The master branch has been updated by Jakub Jelinek <jakub@gcc.gnu.org>: https://gcc.gnu.org/g:e217e7dbdc1040e7ee160796e9ca1ef12a0dd1cb commit r15-2136-ge217e7dbdc1040e7ee160796e9ca1ef12a0dd1cb Author: Sam James <sam@gentoo.org> Date: Thu Jul 18 10:00:17 2024 +0200 testsuite: Add dg-do run to more tests All of these are for wrong-code bugs.

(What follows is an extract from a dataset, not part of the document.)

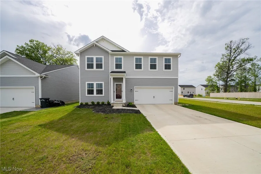 Looking for New Construction Without the Wait? Welcome home to Harvest Meadows in Elyria! Presenting the Water Lily design by K. Hovnanian, completed in late 2023-this immaculate 2,480+ sq. ft. home is a must-see! Offering 5 bedrooms, 2.5 bathrooms, and a spacious open-concept first floor that includes a first-floor bedroom, this layout is perfect for modern living. The gourmet kitchen features granite countertops, 42" cabinets with a stylish mix of white uppers and gray lowers accented by black hardware, a large eat-in island, and a casual dining area with oversized windows that bathe the space in natural light. The home showcases the upgraded Farmhouse Designer Package, including beautiful luxury vinyl plank flooring throughout the first floor, bathrooms, and common areas. Upstairs, you'll find three generous bedrooms, a versatile loft space, a convenient second-floor laundry area, and a luxurious owner's suite with a spacious walk-in closet and a private spa-style bath featuring dual sinks and a walk-in shower. The home is filled with natural light, thanks to thoughtfully placed windows throughout. The full basement includes a 3-piece rough-in and sump pump-ready for your finishing touches and interior design vision. Situated on a large corner lot, this property provides ample outdoor space for entertaining, future deck construction, and all your landscaping dreams. Located near Midview Schools with easy access to Lorain, Avon, Route 20, and Route 10/I-480, you'll enjoy the convenience of suburban life with connectivity to surrounding areas. A home warranty is included for added peace of mind. Don't miss your chance-schedule your private showing today!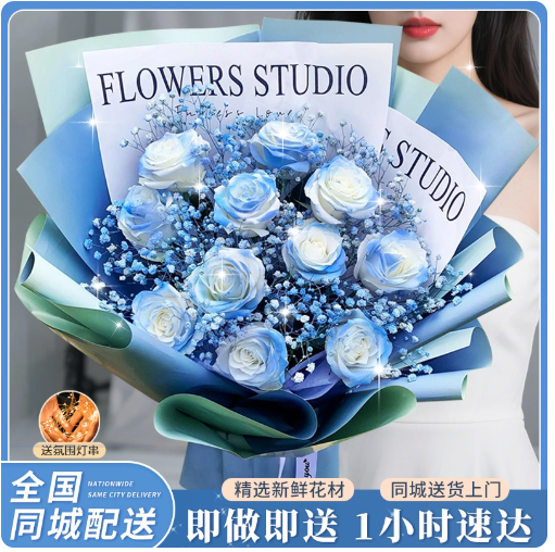 全国碎冰蓝玫瑰花束小时达生日毕业鲜花速递同城 (2)

Confirmed to be used before but with no execution. 2024-07-18 Sam James <sam@gentoo.org> PR c++/53288 PR c++/57437 PR c/65345 PR libstdc++/88101 PR tree-optimization/96369 PR tree-optimization/102124 PR tree-optimization/108692 * c-c++-common/pr96369.c: Add dg-do run directive. * gcc.dg/torture/pr102124.c: Ditto. * gcc.dg/pr108692.c: Ditto. * gcc.dg/atomic/pr65345-4.c: Ditto. * g++.dg/cpp0x/lambda/lambda-return1.C: Ditto. * g++.dg/init/lifetime4.C: Ditto. * g++.dg/torture/builtin-clear-padding-1.C: Ditto. * g++.dg/torture/builtin-clear-padding-2.C: Ditto. * g++.dg/torture/builtin-clear-padding-3.C: Ditto. * g++.dg/torture/builtin-clear-padding-4.C: Ditto. * g++.dg/torture/builtin-clear-padding-5.C: Ditto.